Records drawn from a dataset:
+ + +
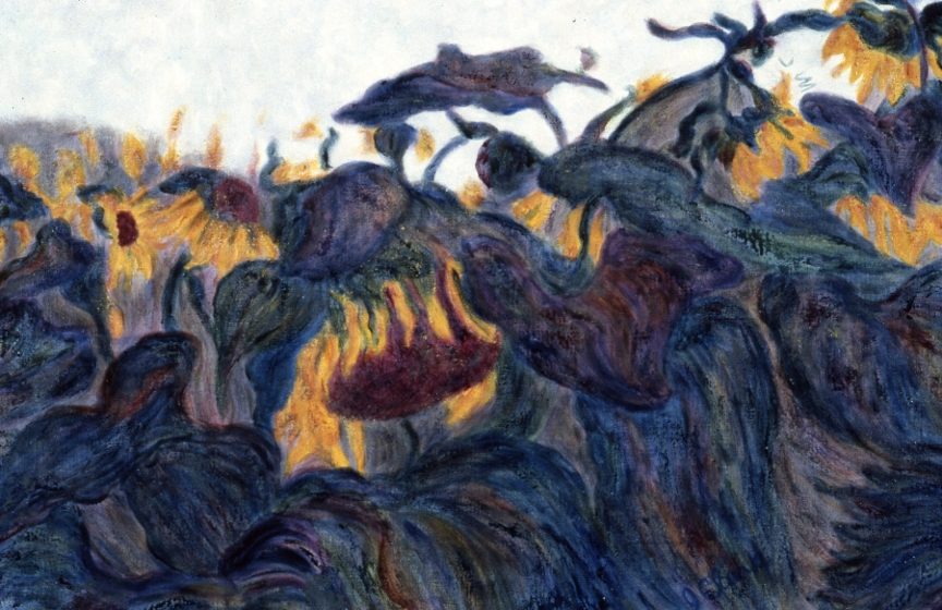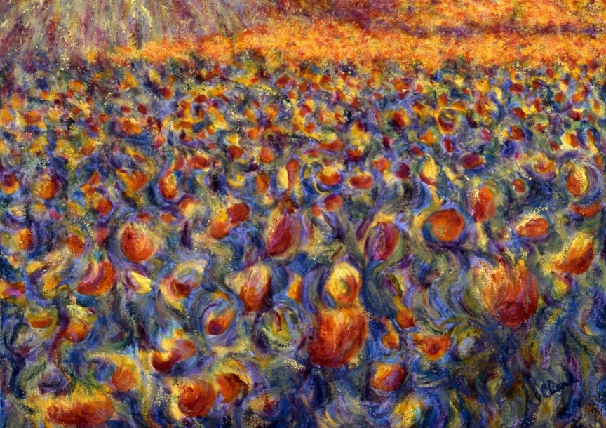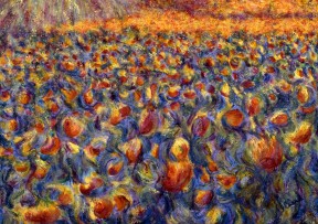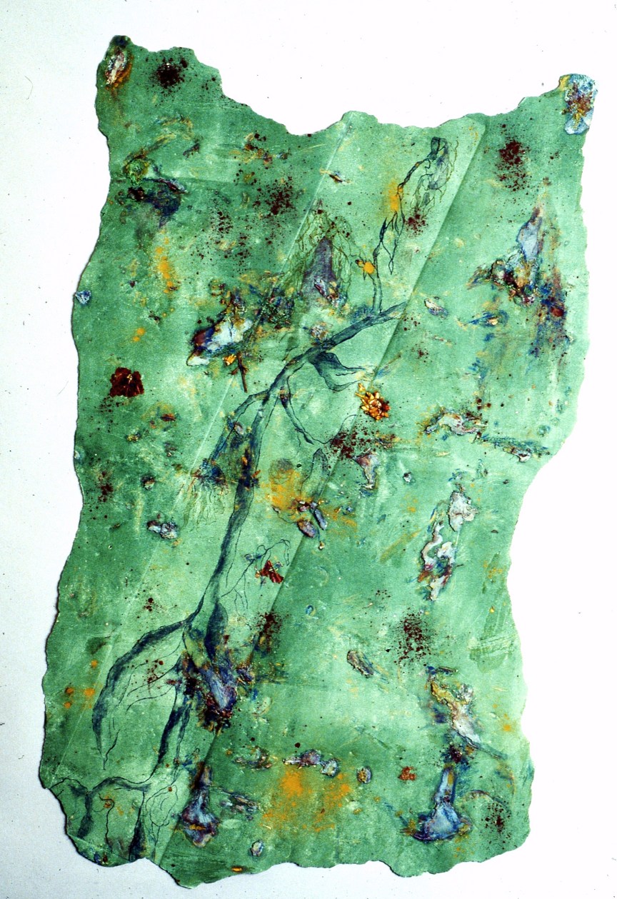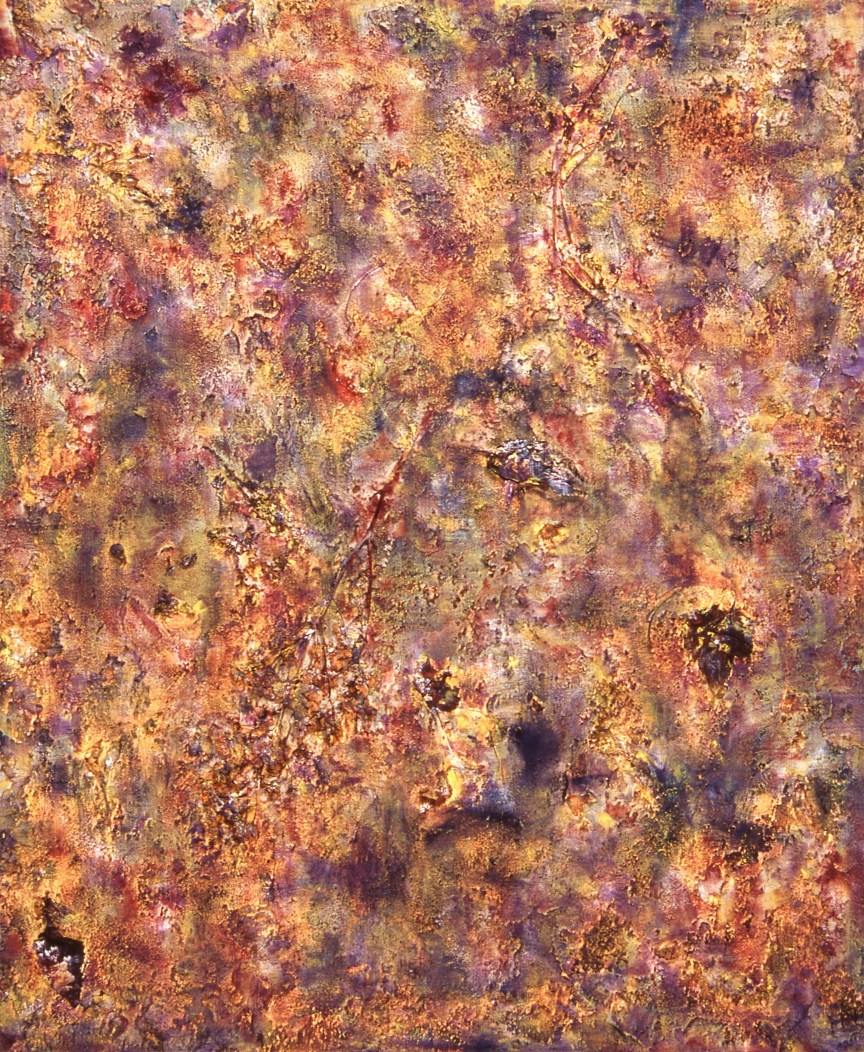 Oil on canvas wirh mixed media and botanical particles, 40 x 44"
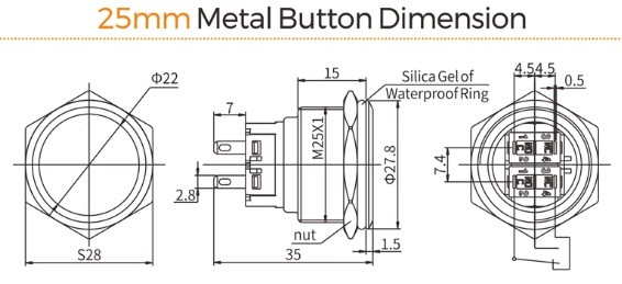 Плоска, нормально відкрита, D = 25 мм, без фіксації, точкова LED, BLUE (синя), 9-24V, нержавіюча сталь
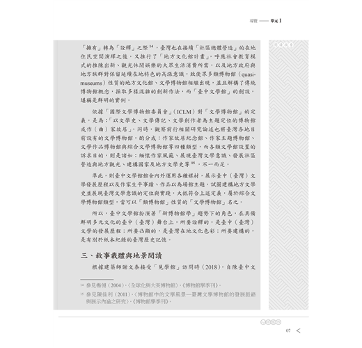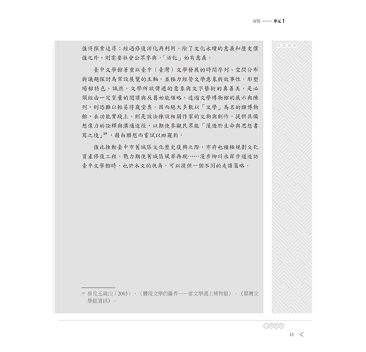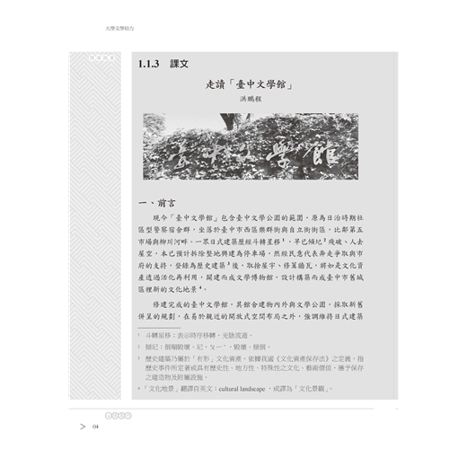 首先賜你導覽力。內行看門道,外行看熱鬧,就以臺中文學館為例,示範如何走讀,從地景導覽在地人文風情,使閱聽者獲得知性與感性兼具的難忘體驗。
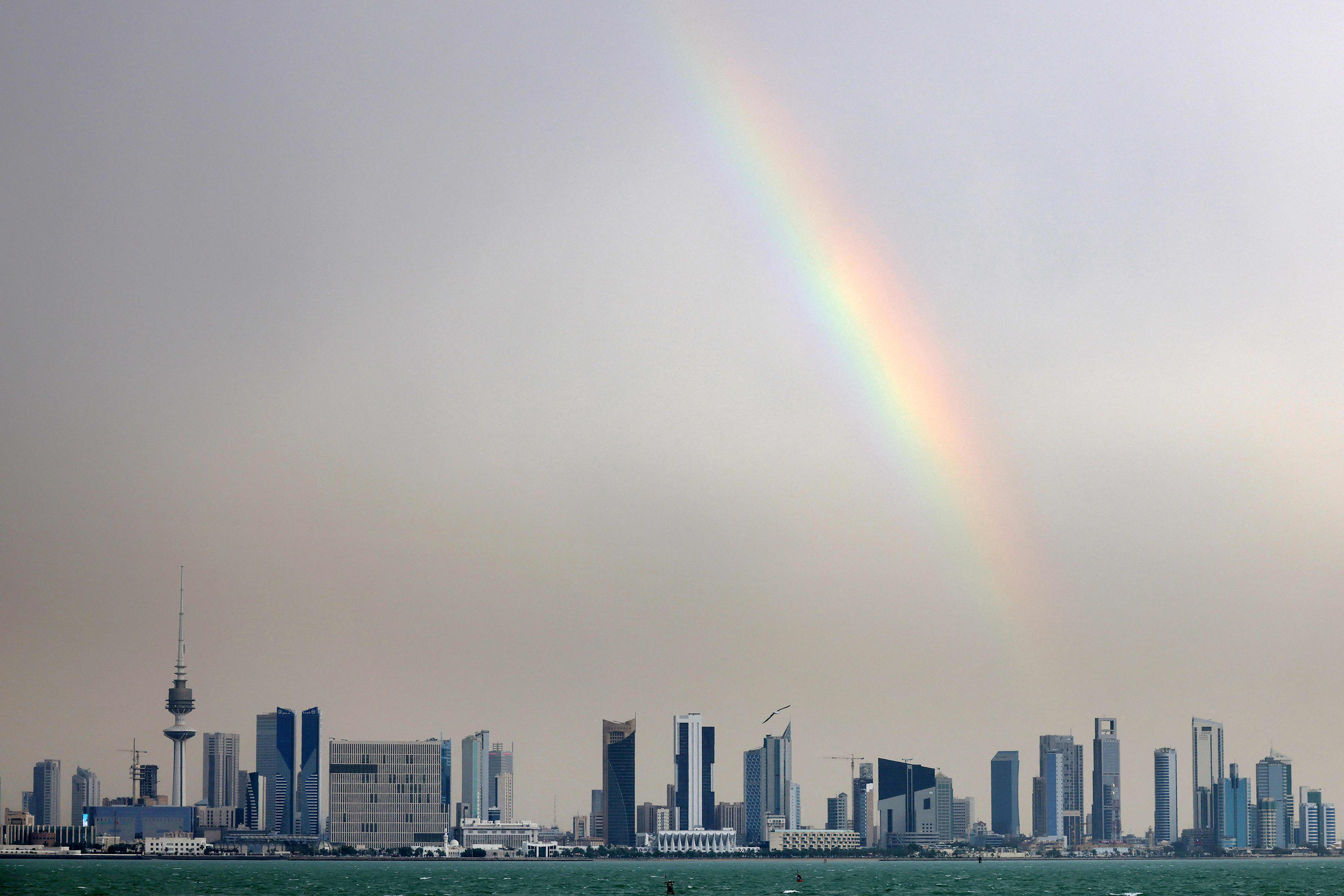 A rainbow is pictured after heavy rain above the skyline of Kuwait City on May 13, 2024. (Photo by Yasser Al-Zayyat/AFP Photo)
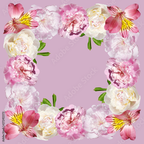 © Ann-Mary, Obraz premium Beautiful floral pattern of alstroemeria and peonies. Isolated
+ + +
Repeat all entries exactly, pictures excluded.

*PROBLEM SOLUTION*.
 Oil on canvas wirh mixed media and botanical particles, 40 x 44"
 Плоска, нормально відкрита, D = 25 мм, без фіксації, точкова LED, BLUE (синя), 9-24V, нержавіюча сталь
 首先賜你導覽力。內行看門道,外行看熱鬧,就以臺中文學館為例,示範如何走讀,從地景導覽在地人文風情,使閱聽者獲得知性與感性兼具的難忘體驗。
 A rainbow is pictured after heavy rain above the skyline of Kuwait City on May 13, 2024. (Photo by Yasser Al-Zayyat/AFP Photo)
 © Ann-Mary, Obraz premium Beautiful floral pattern of alstroemeria and peonies. Isolated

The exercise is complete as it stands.